NEWS

EXTRACT’s monitoring platform: The infrastructure behind the use cases

Date: October 07, 2024

The EXTRACT project is an innovative project with two different use cases with the same challenge of integrating data for actionable knowledge. Despite their differences, both of the use cases, the Personalized Evacuation Route and the Transient Astrophysics with a Square Kilometre Array Pathfinder (TASKA) rely on distributed nodes within the Edge to Cloud Continuum. Ensuring the EXTRACT platform functions properly requires knowing the status of these nodes, a task addressed by the monitoring platform developed by Ikerlan.

The EXTRACT platform comprises a wide range of heterogeneous nodes, from powerful Cloud-based nodes, in which complex AI models can be trained and where enormous amounts of data can be stored, to resource-constrained devices, smaller than our day-to-day smartphones.

The two main goals of EXTRACT’s monitoring platform are to:

  • Ensure that all these nodes are working according to the specified functional and non-functional requirements, and
  • To keep track of the availability of the computing and storing resources they provide.
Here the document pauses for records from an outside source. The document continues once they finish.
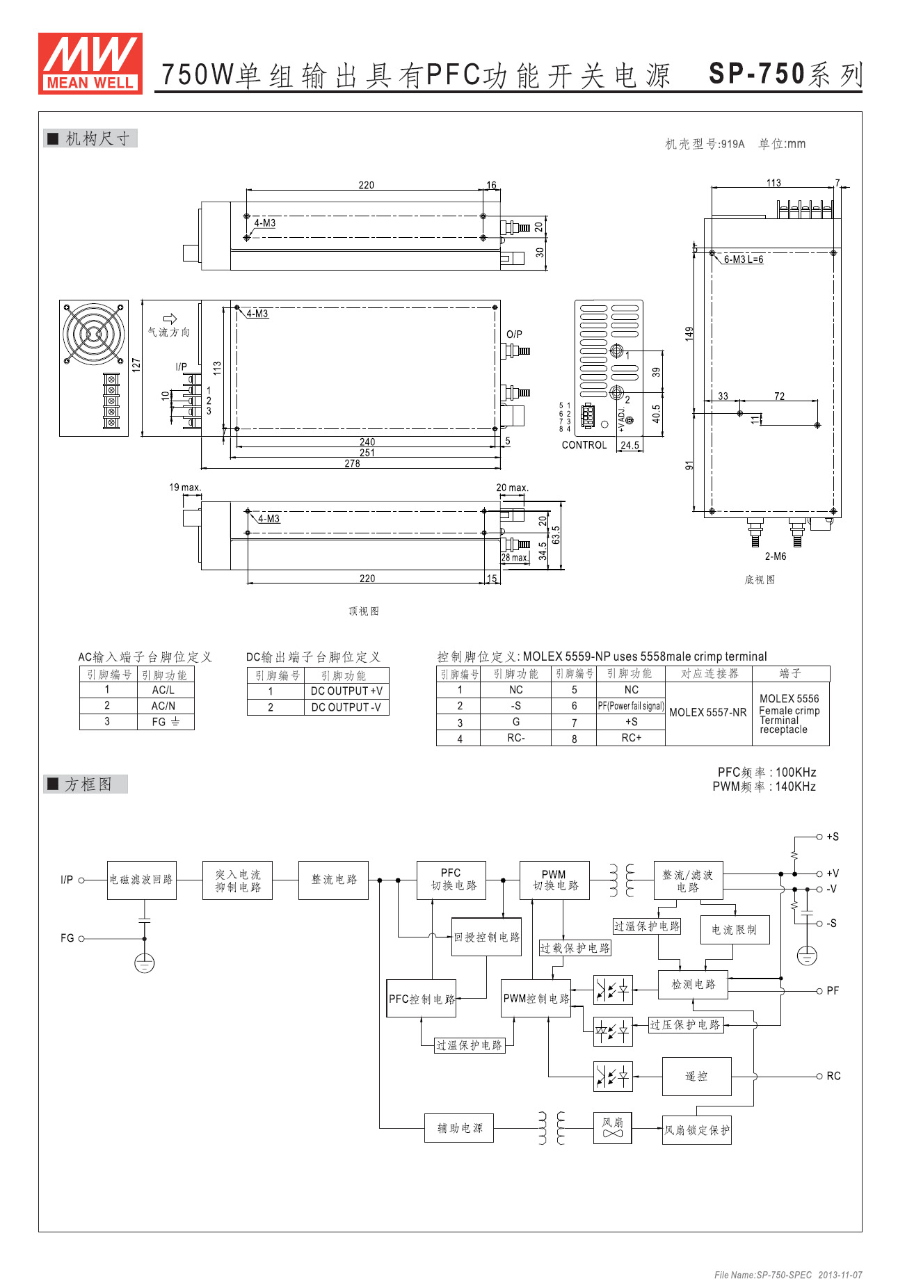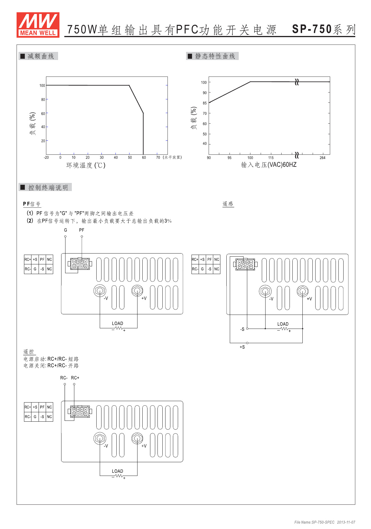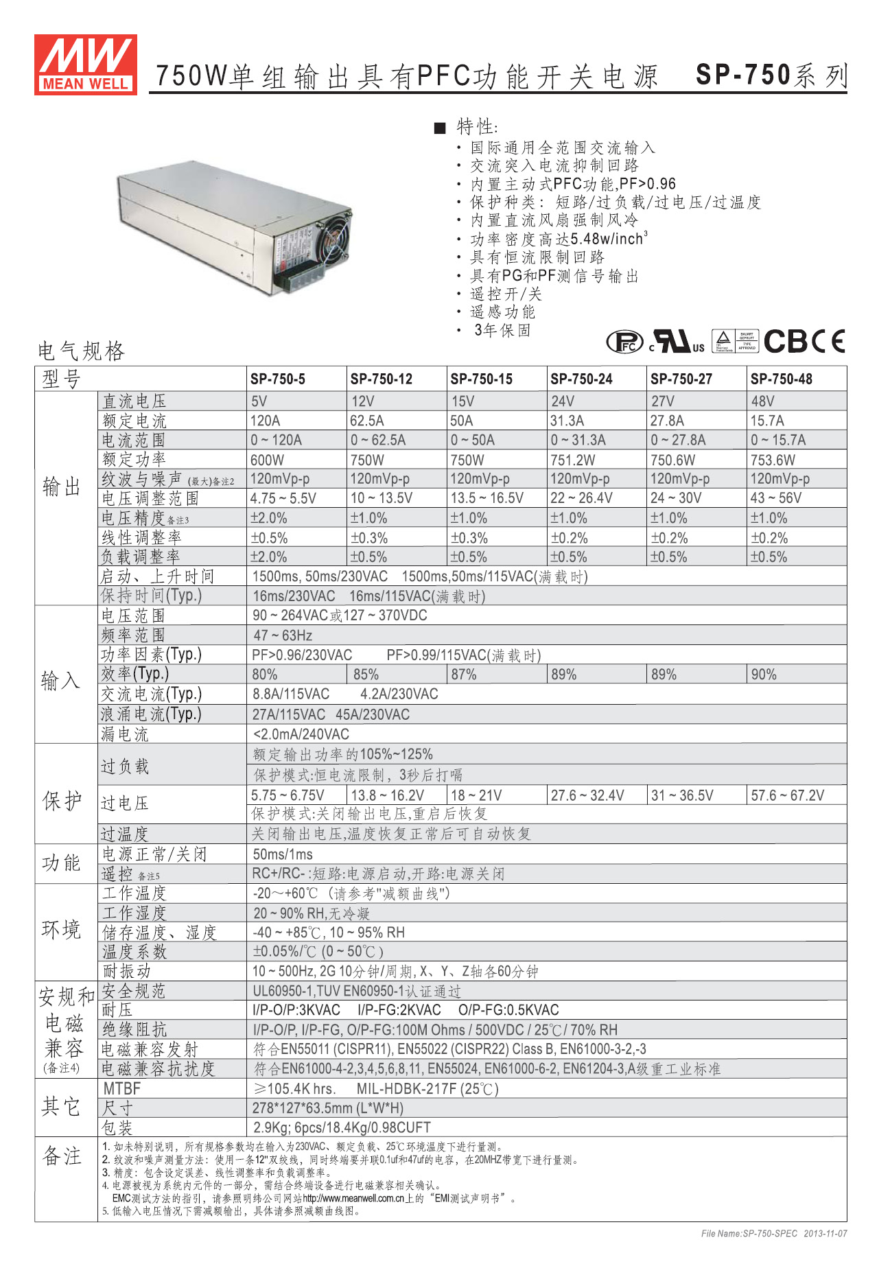 SP-750 系列■ 主要特点全球通用全范围交流输入电压内置主动式功率因素校正电路,功率因素>0.96有短路保护/过载保护/过电压保护/过热保护国际安规认证:UL/TUV/CB/CE高功率密度5.48W/in3有PG/PF信号(电源停机信号)输出内置远端检功能(具有线路损耗补偿功能)和远端开关机控制由内置转速控制直流风扇强制通风冷却PWM频率:140Hz,PFC频率:100HzLED指示工作状态高效、长寿命、高可靠100%满载老化测试采用无铅制程,符合环保RoHS要求台湾明纬品牌,台湾工厂生产3年质保Meanwell SP-750-5/12/15/24/27/48 750W台湾原装明纬开关电源SP-750-5 SP-750-12 SP-750-15 SP-750-24 SP-750-27 SP-750-48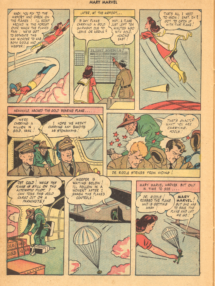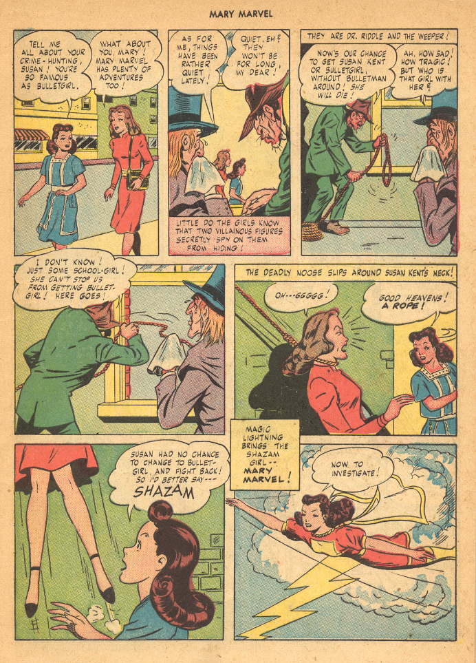 But this was her first time operating entirely independent of Bulletman, who doesn’t even make an appearance in this Mary Marvel story.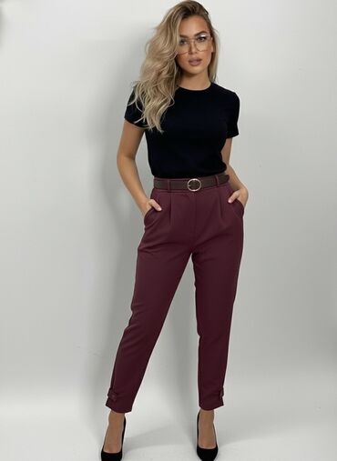 Ženske pantalone sa visokim strukom i pojasom na vezivanje - Model: slim/peg legs, sužene nogavice - Struk: visoki, sa naborima (paperbag efekat) i širokim pojasom koji se vezuje napred u mašnu ...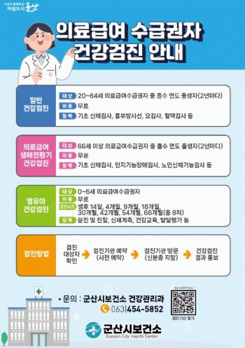 군산시보건소 관계자는 “건강검진은 질병을 조기에 발견하고 치료할 수 있는 가장 기본적인 방법.”이라며, “하반기에는 검진 예약이 몰려 대기시간이 길어질 수 있는 만큼, 비교적 여유로운 상반기 중 검진을 받으시길 권장한다.”라고 당부했다.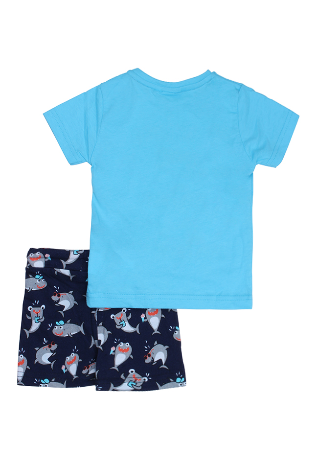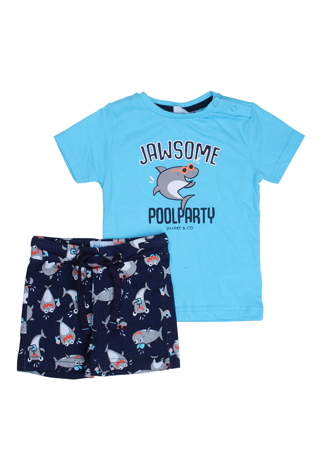 Setje met t-shirt en matching broekje voor baby jongens. Het broekje heeft een haaien print en het t-shirt heeft de tekst Jawsome en een coole haai. Materiaal: 100% katoen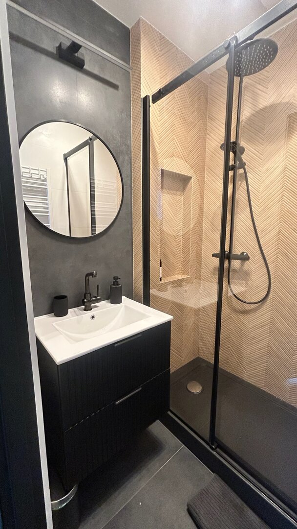 Dwie niezależne łazienki to gwarancja wygody i prywatności. Jedna z prysznicem, druga z toaletą i umywalką – obie w eleganckim, minimalistycznym stylu, z zestawem kosmetyków i świeżymi ręcznikami.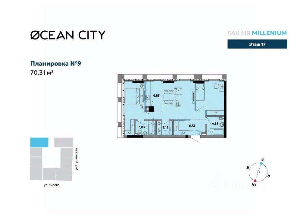 Общая площадь70,31 м²

To reach these goals, it is crucial to identify the most relevant metrics to be collected, such as nodes´ available CPU and memory usage. Monitoring the energy consumption of the nodes is also important, so metrics related to energy usage patterns will be tracked.
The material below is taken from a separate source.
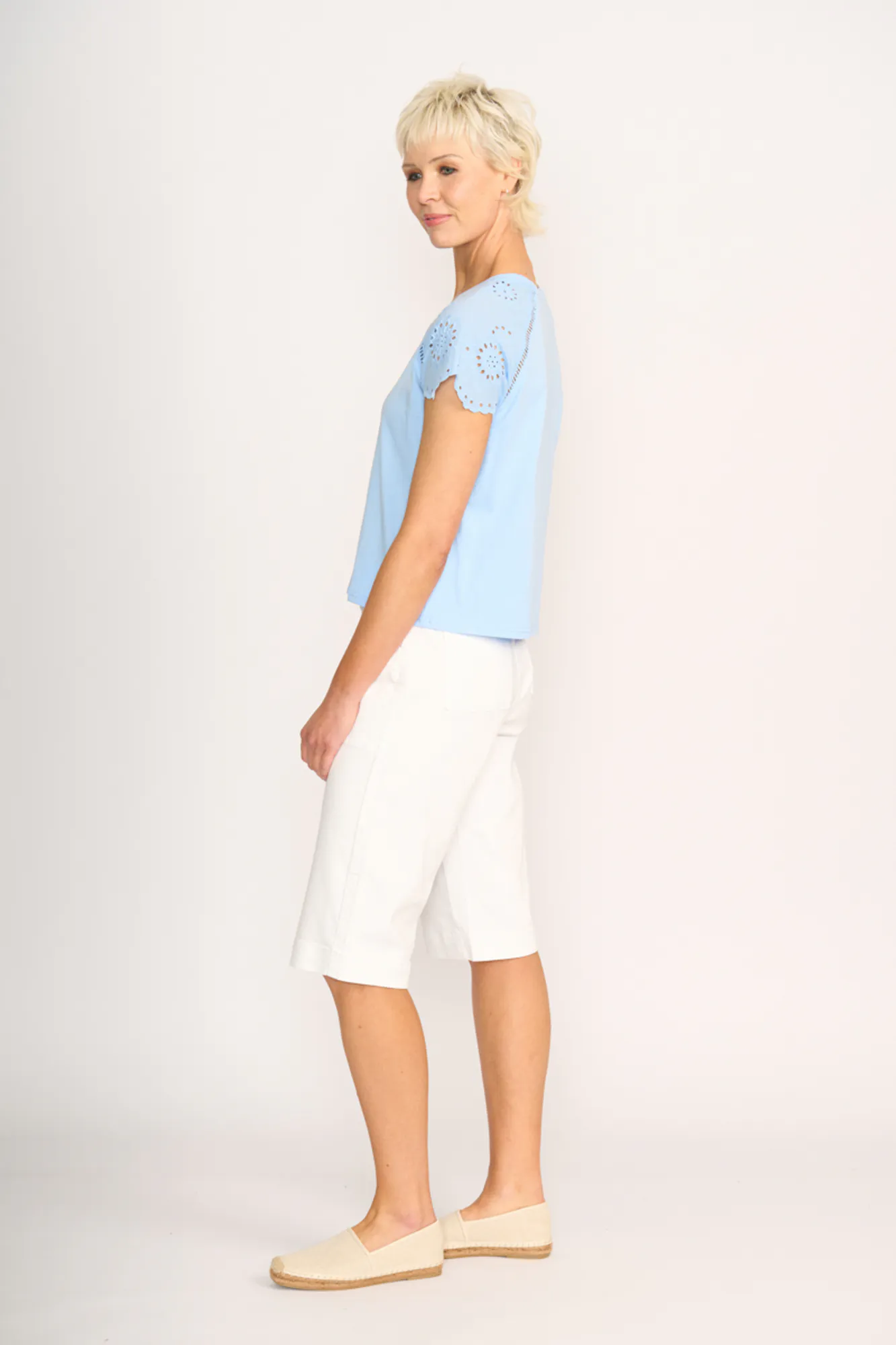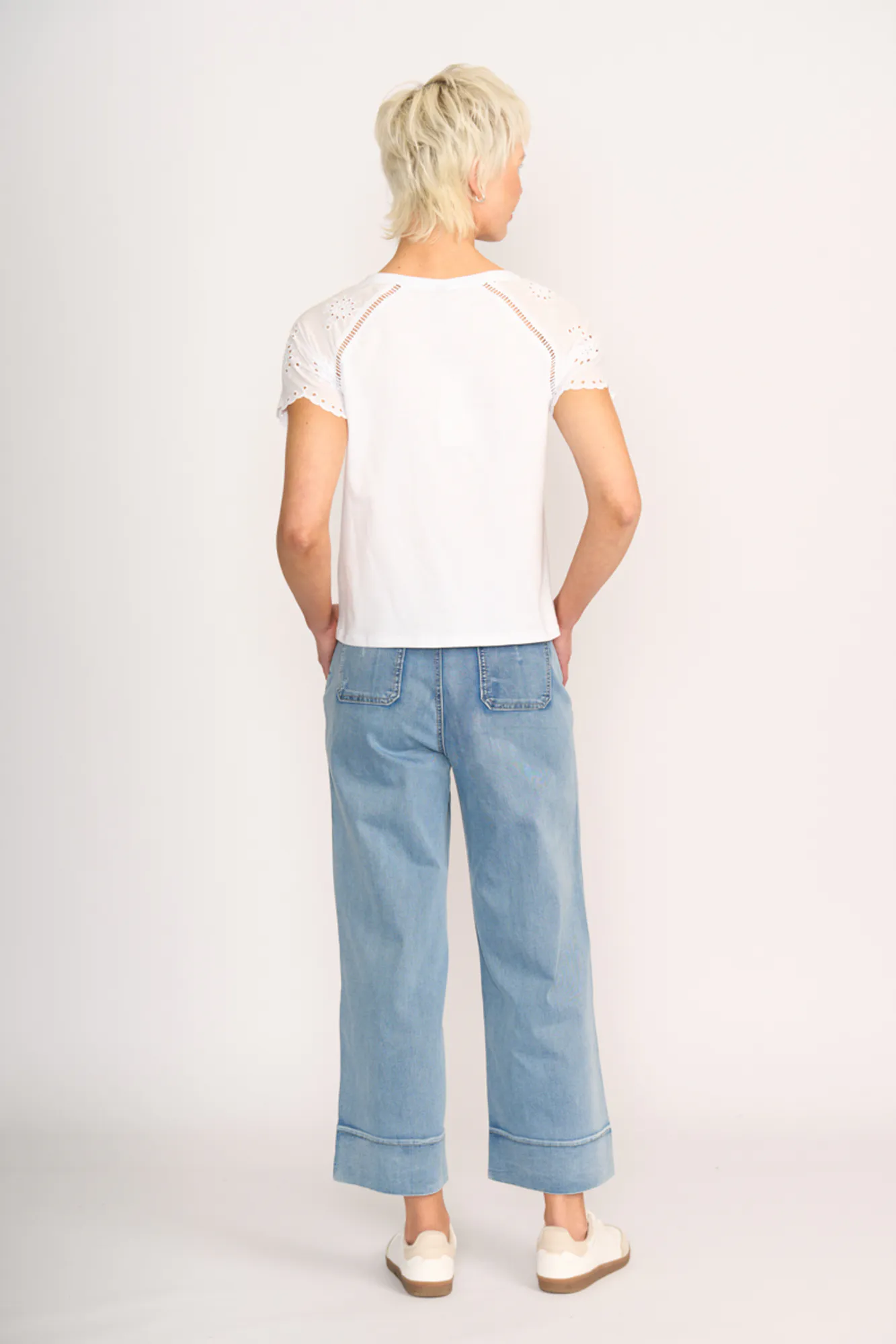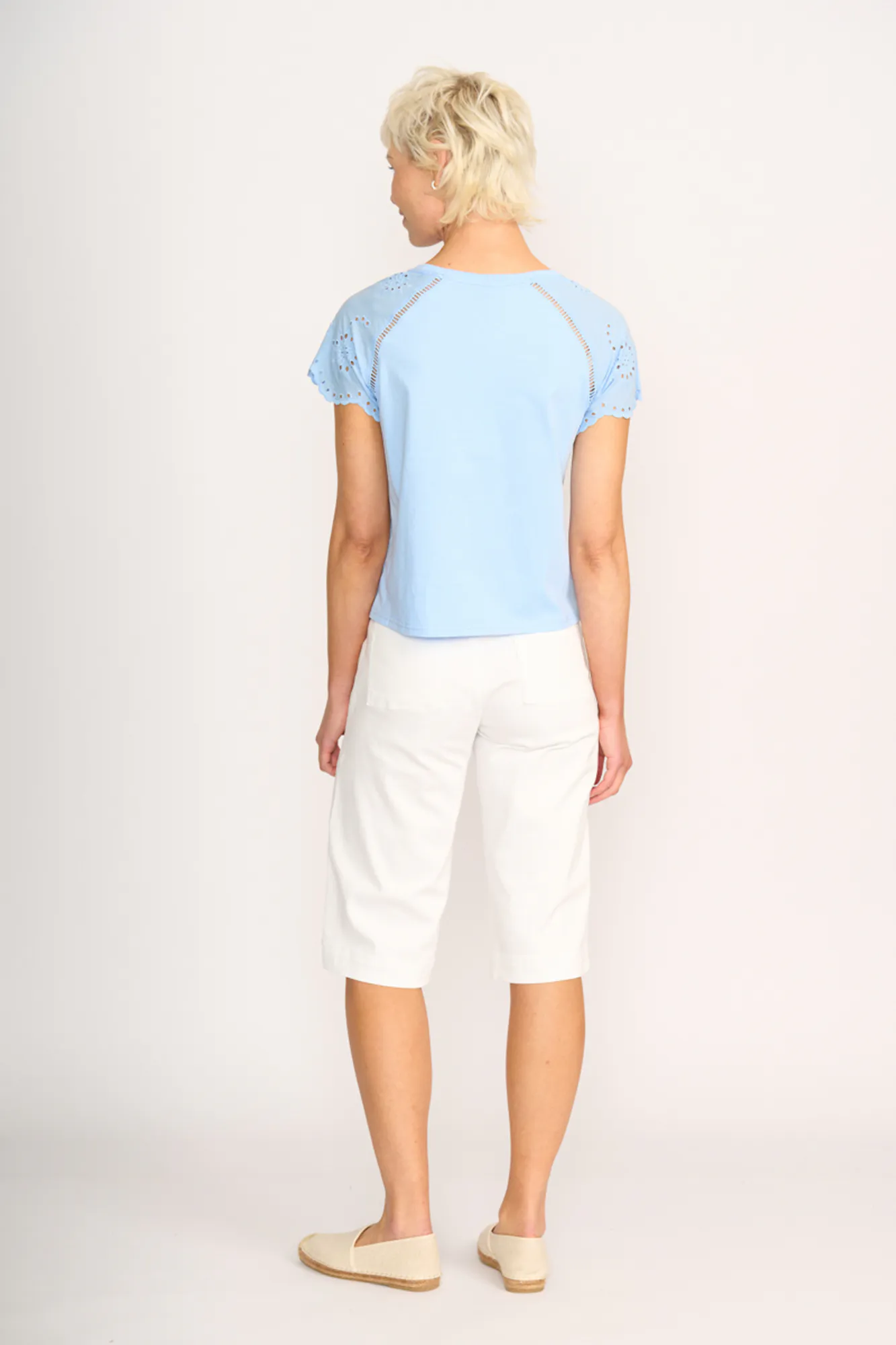 A t-shirt with a difference! Check out the contrast broderie anglaise on the raglan sleeve. Body length taken from the shoulder to the hem is approx. 60cm (size M)

The IKERLAN-developed monitoring platform can do this and support the instrumented codebase to gather application-specific performance indicators, traces and logs. All this valuable data is stored in time-series databases using Prometheus, which provides multiple exporters and libraries that facilitate collecting information from many third-party systems, such as NVIDIA boards featuring GPUs. Storing this information fuels two core functionalities of the EXTRACT platform.

On the one hand, the data scraped from the nodes in the compute continuum is consumed by EXTRACT’s workflow deployment and scheduling mechanisms, composed of two layers: an Infrastructure layer and an Application layer. First, the Infrastructure layer allocates some computing resources among the available ones, and then the Application layer will orchestrate the application components and tasks within the resources provided.

Figure 1 Monitoring Architecture diagram

The monitoring platform provides up-to-date information of the underlying Edge to Cloud continuum for both layers, enabling informed and intelligent scheduling and deployment decisions. For that, Ikerlan has developed and integrated an API that enables retrieving metrics and serving them to COMPS seamlessly.

On the other hand, a graphical representation of this data is also provided to enable infrastructure administrators to monitor its state. These graphical charts rely on Graphana and allow detecting abnormal behavior of the infrastructure or the applications running on it in a fraction of the time it would require them to inspect the raw data.

Figure 2  Monitoring Dashboard example

EXTRACT’s monitoring platform will keep evolving, including additional metrics such as communications network-state related ones. A key focus of future work will be monitoring and managing multicluster solutions through the proper definition of data-scraping and database federation approaches.